But well-chosen damping rates meant the Triumph didn’t feel harsh on the Madrid streets. There its wide bars, low centre of gravity and generous steering lock helped it cut through the traffic with an effortlessly well-balanced feel. The only aspect of the chassis that disappointed was the front brake, which relies on a single 310-mm disc and twin-pot Nissin calliper, where the T120 has two identical items.

There was an acceptable amount of stopping power when I squeezed hard, but more bite from the front would have been nice, and useful in an emergency. Shame the built-in (and worthwhile, though hard to trigger) ABS system means that a second disc can’t easily be added, as it could to the Bonneville in the 1970s. At least the Bobber slowed fairly hard with assistance from its rear disc, which I found myself using more than normal.

On the fog-shrouded motorway heading out of Madrid the Triumph was very stable and as tolerable as any naked bike. The seat gave plenty of legroom and distributed my body weight well when in its furthest forward position; it can also be slid backwards (after loosening a few bolts) for a more laid-back look. Foot-rests are sufficiently rear-set to take some weight from your bum. Those heated grips were immediately welcome, though I didn’t need the cruise control that is another option.

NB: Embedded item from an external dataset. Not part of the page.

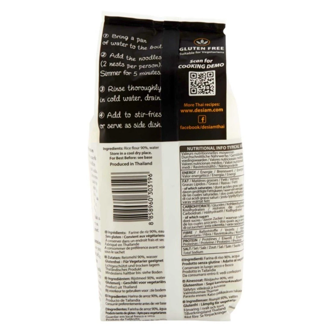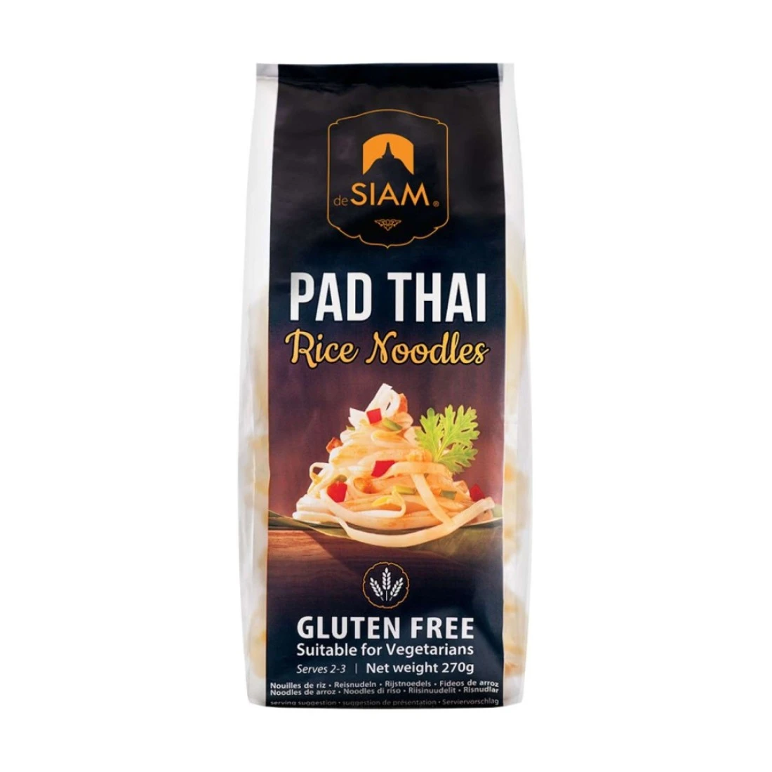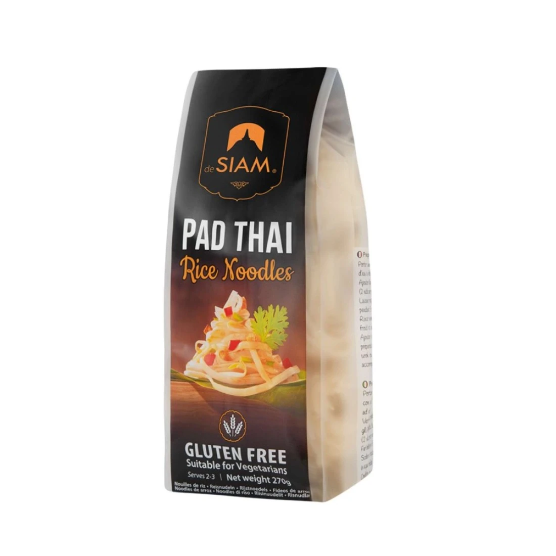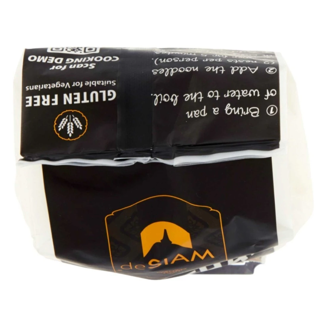 De Siam Pad Thai Rice Noodles are a popular Thai dish made from rice noodles stir-fried with ingredients such as shrimp tofu eggs and vegetables. These noodles are known for their sweet and tangy flavours and are often finished with a squeeze of lime and topped with crushed peanuts. De Siam Pad Thai Rice Noodles are easy to prepare and provide an authentic taste of Thailand in the comfort of your own home. The 270g pack is enough to serve two people making it a convenient and delicious meal option.

Thankfully, the sun burst through the clouds almost immediately after we’d turned off on to a series of twisty, mostly well-surfaced mountain roads where the Bobber was far more at home than I’d have imagined. Its steering was as accurate as it had been in the city, its suspension retained its taut and well-controlled feel, and the Triumph was enjoyably easy to chuck around at an entertaining pace.

In grippier turns it was important to take care with line and lean angle, because the foot-rests scraped before the capable Avon Cobra tyres approached the limits of their grip. But ground clearance was fine for a bike like this, and the Bobber’s agile handling helped make it into a very passable all-round roadster, at least for those who don’t need to carry a passenger or much luggage. The bike is not designed for a pillion pad, and the accessory leather panniers look cool but not particularly large.

Inevitably, that shapely but tiny tank has its limitations, too. My average of 6.0 litres/100 km — displayed on the digital panel that can also show revs and more by pressing the “i” button on the left bar — brought realistic range to well below 150 km. That’s far short of the T120, whose 14.5-litre tank would allow half as much distance again. Triumph claim 4.1 litres/100 km (24.4 km/l) and a range of 222 km for the Bobber, which would require riding cautiously and reaching the service station on fumes.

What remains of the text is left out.